Note that the papers  and  provided explicit upper bounds for the Kolmogorov distance for the rates of convergence of the distribution of $$\widetilde{\theta}_{n}$$ and $$\widehat{\theta}_{n}$$, respectively. On the other hand,  provided Wasserstein bounds in central limit theorem for $$\widetilde{\theta}_{n}$$. Let us describe what is proved in this direction:

• Theorem 2.1 in  shows that there exists $$C>0$$ depending on θ such that

\begin{aligned} \sup_{x \in \mathbb{R}} \biggl\vert P \biggl(\sqrt{ \frac{T}{2 \theta}} (\widetilde{\theta}_{n}-\theta ) \leqslant x \biggr)-P (\mathcal{N}\leqslant x ) \biggr\vert \leq C \max \biggl(\sqrt{ \frac{\log T}{T}},\frac{T^{4}}{n^{2}\log T} \biggr). \end{aligned}
(1.2)
• Theorem 2.3 in  proves that there exists $$C>0$$ depending on θ such that

\begin{aligned} \sup_{x \in \mathbb{R}} \biggl\vert P \biggl(\sqrt{ \frac{T}{2 \theta}} (\widehat{\theta}_{n}-\theta ) \leqslant x \biggr)-P (\mathcal{N}\leqslant x ) \biggr\vert \leq C \max \biggl(\sqrt{ \frac{\log T}{T}},\frac{T^{2}}{n\log T} \biggr). \end{aligned}
(1.3)
• Theorem 5.4 in  establishes that there exists $$C>0$$ depending on θ such that

\begin{aligned} d_{W} \biggl(\sqrt{\frac{T}{2\theta}} (\widetilde{ \theta}_{n}- \theta ), \mathcal{N} \biggr) \leq C\max \biggl( \frac{1}{\sqrt{T}},\sqrt{\frac{T^{2}}{n}} \biggr). \end{aligned}
(1.4)

### Remark 1.1

Note that in [2, Theorem 2.1], [4, Theorem 2.3], and [7, Theorem 5.4], the asymptotic normality of the distribution of $$\widetilde{\theta}_{n}$$ and $$\widehat{\theta}_{n}$$ need $$n\Delta _{n}^{2}=\frac{T^{2}}{n} \rightarrow 0$$ and $$T \rightarrow \infty$$. However, Theorem 3.6 and Theorem 4.1, which are stated and proved below, show that, respectively, the asymptotic normality of the distribution of $$\widetilde{\theta}_{n}$$ and $$\widehat{\theta}_{n}$$ only need $$\Delta _{n}=\frac{T}{n} \rightarrow 0$$ and $$T \rightarrow \infty$$.

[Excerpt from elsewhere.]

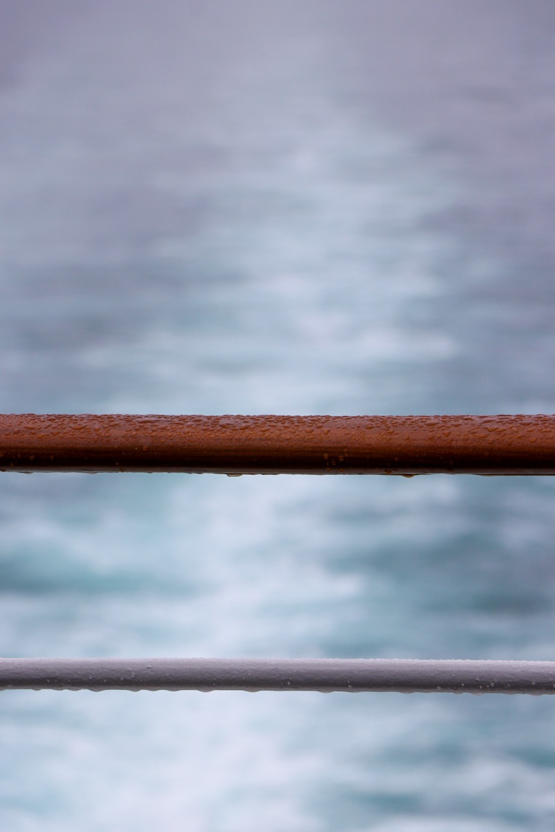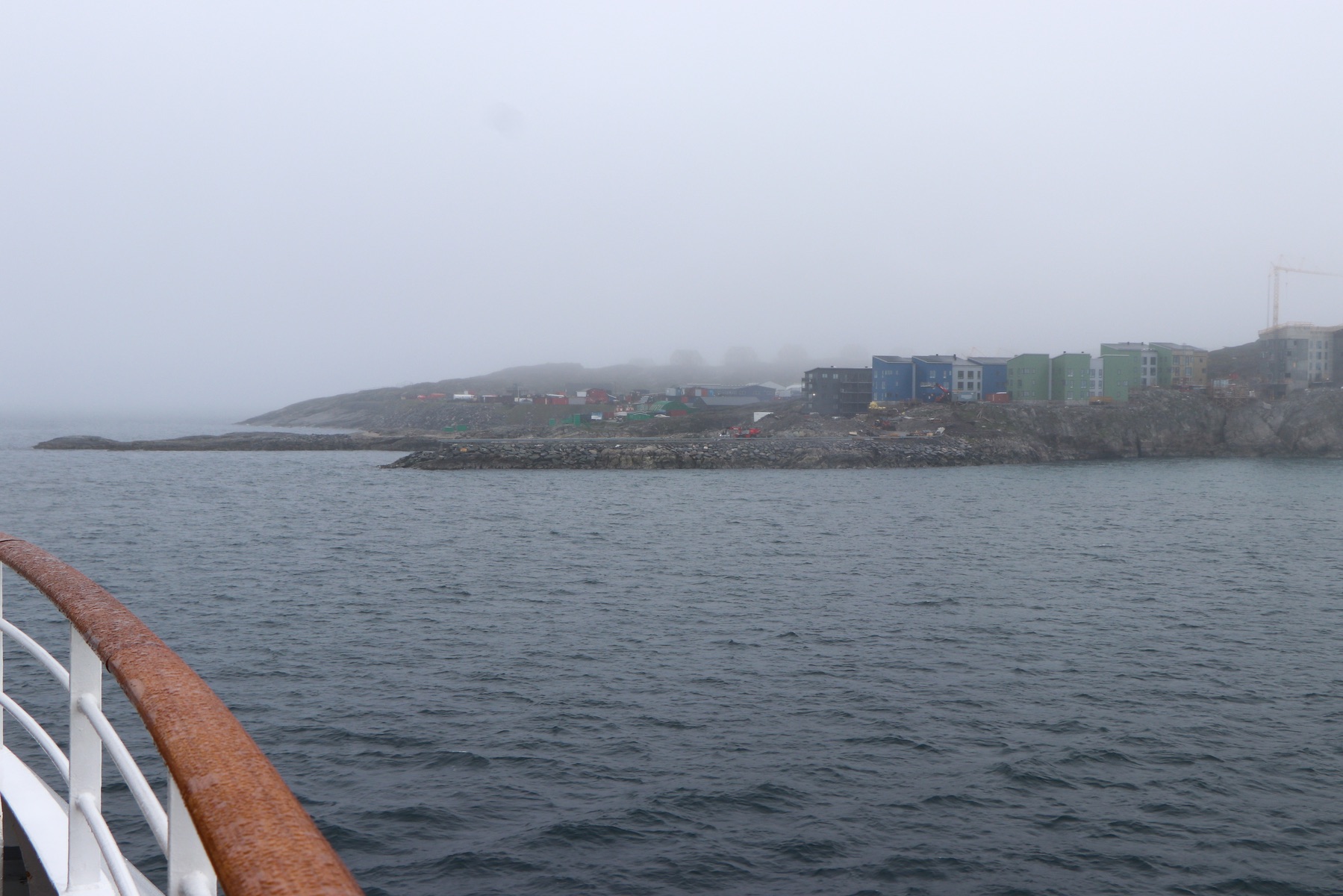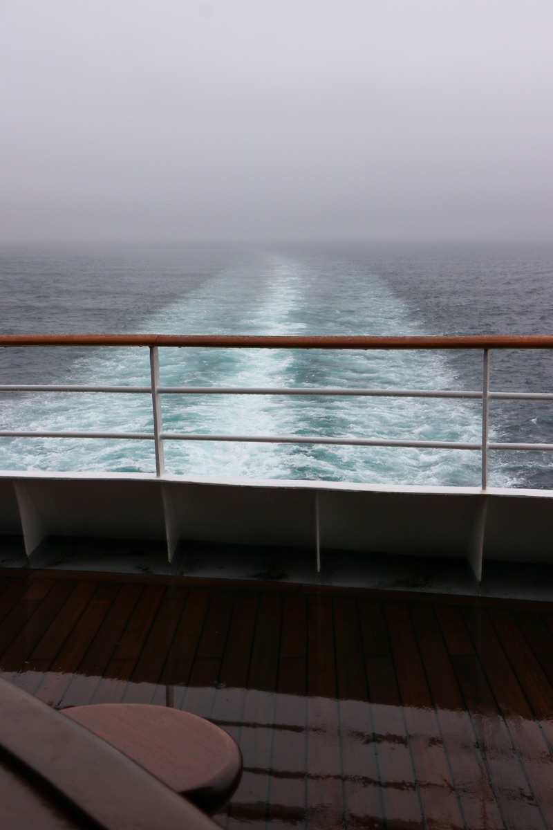 Zurück zum Schiff waren wir zum Auslaufen in der Ocean Bar und konnten vor Einsetzen des Regenwetters noch einmal auf Nuuk zurückblicken. Nach dem Auslaufen kam der Nebel und der Regen dazu, sodass die Stadt auf einmal nicht mehr zu sehen war.
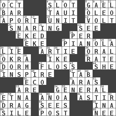 ACROSS 1. Sep. follower 4. Groove 8. Highlander 12. Drinking establishment 13. "Change" in Tahitian 14. Margarine 15. To the left, to Queeg 18. A single undivided whole 19. Electrical Unit 20. Catching in a trap 22. Observe 23. Made supply last 24. For each 25. Supplement with great effort 26. Player piano 30. Untruth 33. Nick name for Arthur 36. Taken by mouth 37. Gumbo ingredient 39. Mamie's mate 40. Assign a rank or rating to 41. Dormintory (informal) 42. Soft thread for cleaning between teeth 44. A female animal or person 45. Stimulate to action 47. Bar bill 50. Environmental prefix 51. Ancient river in northeast Turkey 53. "We ___ not amused" (Victoria) 54. Commissioned military rank 57. Inactive volcano in Sicily 59. Small Philippine buffalo 61. Having gotten out of bed 63. To trail on the ground 64. Observes 65. _ tizzy (2 wds.) 66. Drop; flow; fall 67. Mail 68. Born DOWN 1. Chief or king in Benin or Nigeria 2. Smile enhancers 3. Marketplace scale 4. Make senseless or dizzy 5. Long (Scottish) 6. Fr. "Yes" 7. Teat (slang) 8. State head 9. Medicinal plant 10. Snakelike fish 11. Car dealer's back yard 16. Immoral or dissolute person 17. Long journey 21. The main thing one is thinking about 22. Ocean 24. Sliced dessert 26. Sliced desserts 27. Mouths or openings 28. Thin strip of wood or metal 29. Toward shelter 30. Farming town in central California 31. Visual representation of an object 32. Blunders 34. Cause heat under the collar 35. Ring climax 38. Electrical Measurement 42. From 43. Comedian Laurel of Laurel & Hardy 46. Frozen water 48. Length times width 49. Drinking establishments 52. Smooth fabric 53. Of or related to the anus 54. Leaves 55. 90 degrees 56. Actor's bit 57. Begley and Asner 58. Three (prefix) 59. Cleo's killer 60. Modern: prefix 62. Actress Charlotte

The aim of the present paper is to provide new explicit bounds for the rate of convergence in the CLT of the estimators $$\widetilde{\theta}_{n}$$ and $$\widehat{\theta}_{n}$$ under the Wasserstein metric as follows: There exists a constant $$C>0$$ such that, for all $$n\geq 1$$, $$T>0$$,

\begin{aligned} d_{W} \biggl(\sqrt{\frac{T}{2\theta}} (\widetilde{ \theta}_{n}- \theta ), \mathcal{N} \biggr) \leq C \max \biggl( \frac{1}{\sqrt{T}},\frac{T^{2}}{n^{2}} \biggr), \end{aligned}
(1.5)

see Theorem 3.6, and

\begin{aligned} d_{W} \biggl(\sqrt{\frac{T}{2\theta}} (\widehat{ \theta}_{n}- \theta ),\mathcal{N} \biggr) \leq &C\max \biggl( \frac{1}{\sqrt{T}} , \sqrt{\frac{T^{3}}{n^{2}}} \biggr), \end{aligned}
(1.6)

see Theorem 4.1.

### Remark 1.2

The estimates (1.5) and (1.6) show that we have improved the bounds on the error of normal approximation for $$\widetilde{\theta}_{n}$$ and $$\widehat{\theta}_{n}$$. In other words, it is clear that the obtained bounds in (1.5) and (1.6) are sharper than the bounds in (1.2), (1.3), and (1.4).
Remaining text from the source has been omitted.